## THE PROBLEM
In the entries that follow, repeat exactly the lines from the one that has "Салат Генерал Наивкуснейший" through the one that has "- 本当に着心地もよいし、Tシャツよりも使い勝手がとても良いです。", but omit pictures.

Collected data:
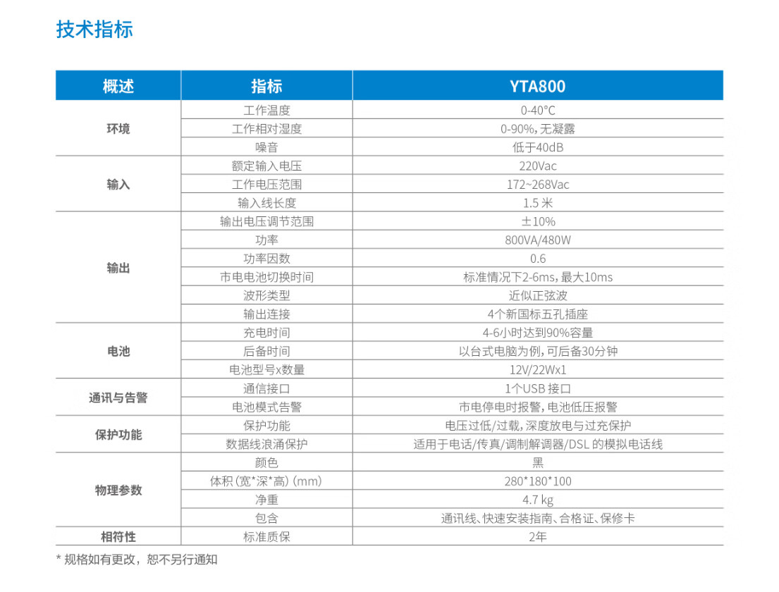 科华UPS不间断电源YTA800系列电脑路由器停电备用
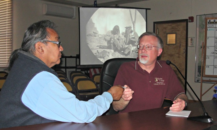 John Thiesen, right, from the Mennonite Library and Archives at Bethel College, hands a flash drive to Leigh Kuwanwisiwma, the Cultural Preservation officer for the Hopi tribe, at a meeting with the Hopi Tribal Council. On the flash drive are digitized film negatives and glass lantern slides, most of them taken by H.R. Voth, a General Conference Mennonite Church missionary to the Hopi in the late 1800s. Playing behind the two men are about 30 of the slides in a PowerPoint that Thiesen put together ahead of time. Photo credit: Louella Nahsonhoya/The Hopi Tutuveni.
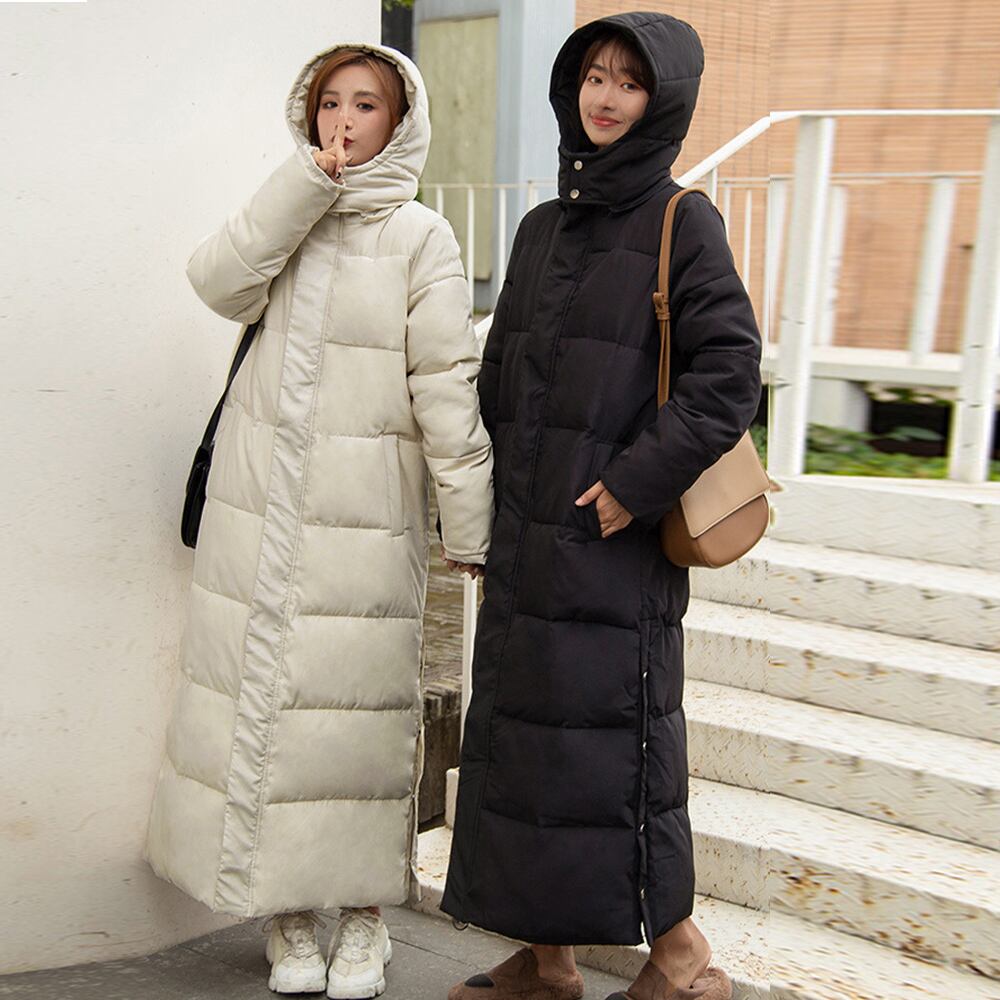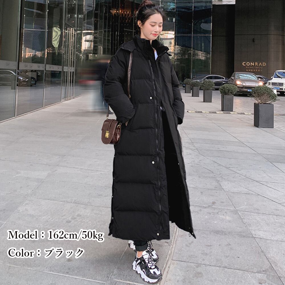 中綿入り ロングコート 韓国 ファッション 軽い 暖かい アウター 秋冬 サイドスリット マキシコート ゆったり 長袖
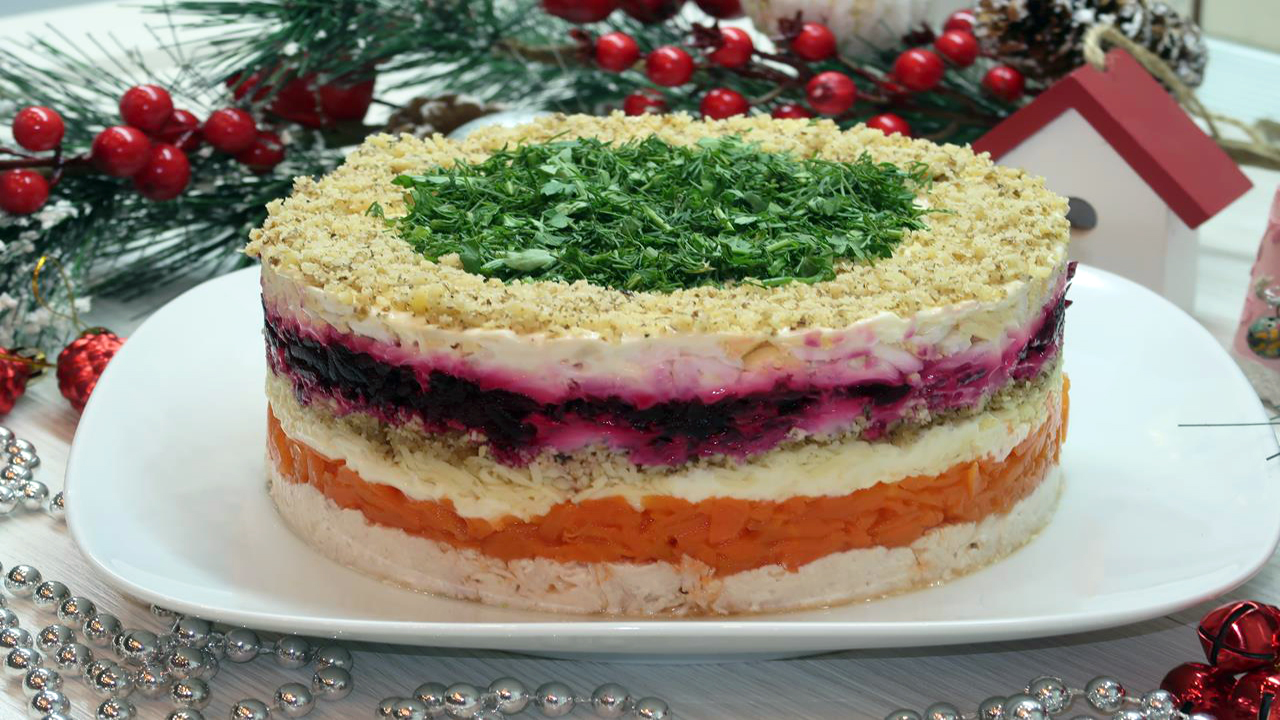 Салат Генерал Наивкуснейший свекольный салат с курицей и орехами на праздничный стол
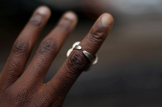 70s Blue Floral Ring| Women's Vintage Flower Power Ring | Silver colored Vintage Floral Motif Ring
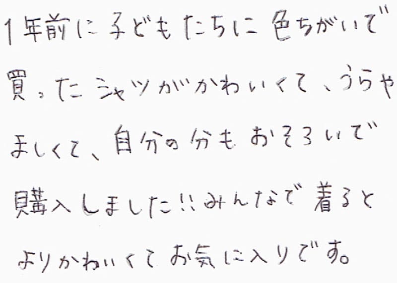 - 本当に着心地もよいし、Tシャツよりも使い勝手がとても良いです。
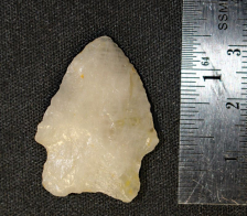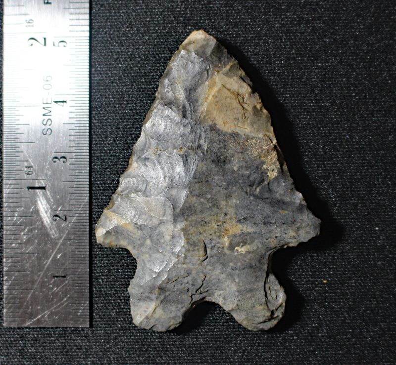 Ohio MacCorkle Bifurcate – Coshocton chert. 2 and 1/16th" long. Well-formed Early Archaic example with great symmetry and classic deep bifurcation. Excellent color and patina, This early archaic point is guaranteed ancient. Hard piece to beat for the price—displays beautifully and belongs in a top Ohio frame.Ex Lee Bailey, Ex Matt Dorso collection. Guaranteed authentic. $5.00 USPS shipping.

## EXPECTED ANSWER
 Салат Генерал Наивкуснейший свекольный салат с курицей и орехами на праздничный стол
 70s Blue Floral Ring| Women's Vintage Flower Power Ring | Silver colored Vintage Floral Motif Ring
 - 本当に着心地もよいし、Tシャツよりも使い勝手がとても良いです。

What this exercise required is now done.